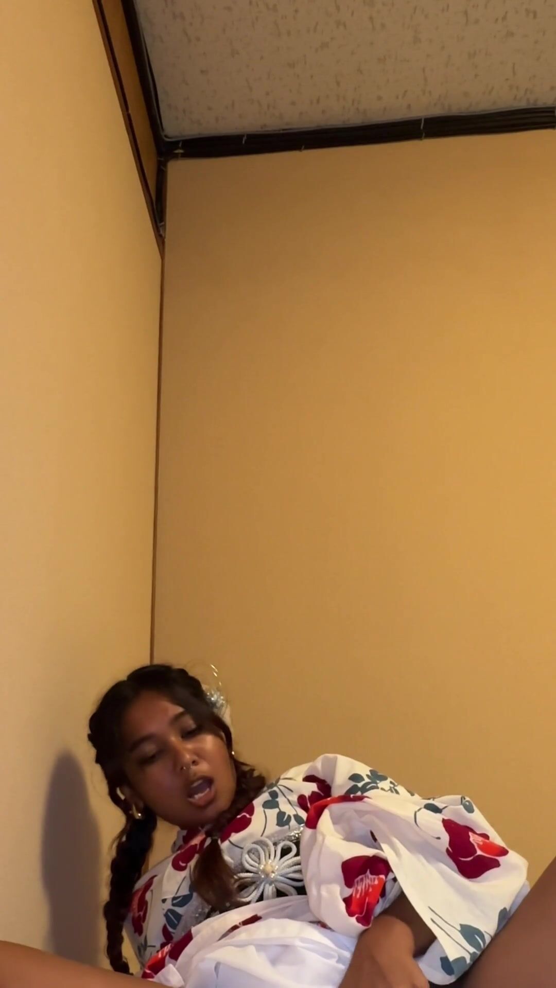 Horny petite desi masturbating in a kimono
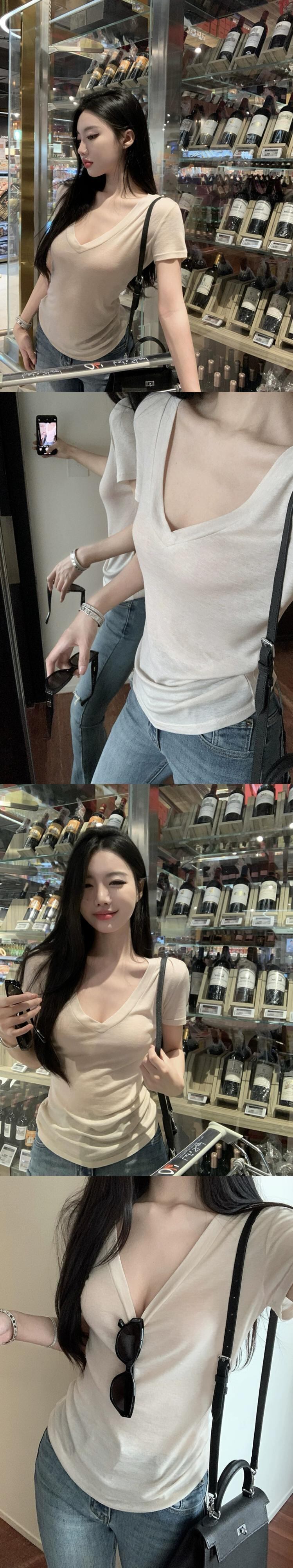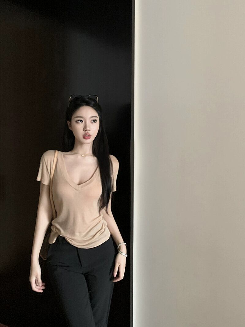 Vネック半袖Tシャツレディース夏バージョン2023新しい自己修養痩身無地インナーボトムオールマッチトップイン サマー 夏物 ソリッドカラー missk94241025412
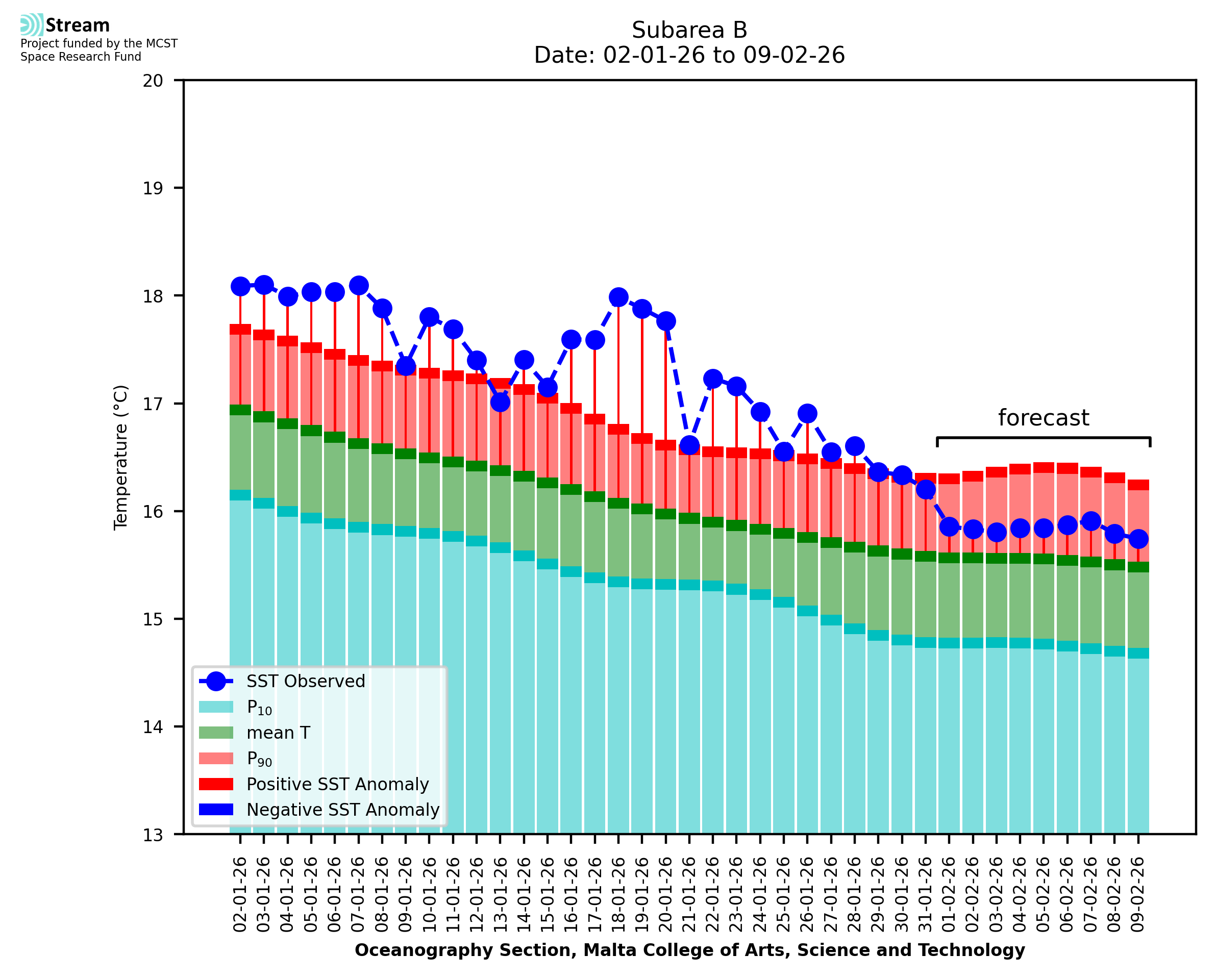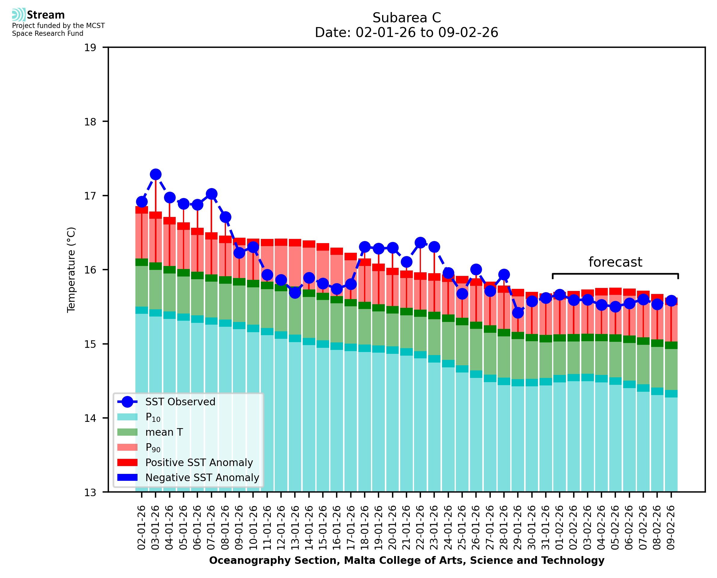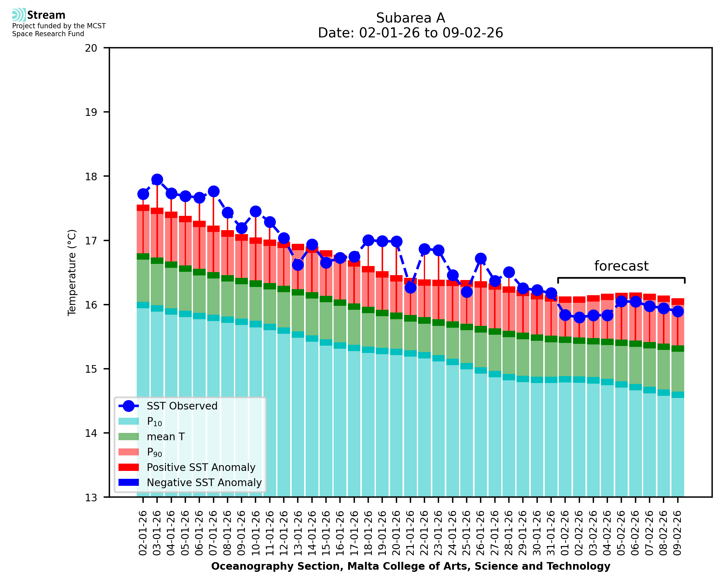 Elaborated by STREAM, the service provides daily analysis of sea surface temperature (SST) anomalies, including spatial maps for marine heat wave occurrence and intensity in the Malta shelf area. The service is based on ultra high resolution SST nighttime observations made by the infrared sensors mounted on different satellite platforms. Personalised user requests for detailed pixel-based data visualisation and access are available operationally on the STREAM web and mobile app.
▬▬▬▬▬▬▬▬▬▬
WORK ORDER: Repeat, exactly and in full, all the material above except its pictures.

COMPLETED TASK:
 Horny petite desi masturbating in a kimono
 Vネック半袖Tシャツレディース夏バージョン2023新しい自己修養痩身無地インナーボトムオールマッチトップイン サマー 夏物 ソリッドカラー missk94241025412
 Elaborated by STREAM, the service provides daily analysis of sea surface temperature (SST) anomalies, including spatial maps for marine heat wave occurrence and intensity in the Malta shelf area. The service is based on ultra high resolution SST nighttime observations made by the infrared sensors mounted on different satellite platforms. Personalised user requests for detailed pixel-based data visualisation and access are available operationally on the STREAM web and mobile app.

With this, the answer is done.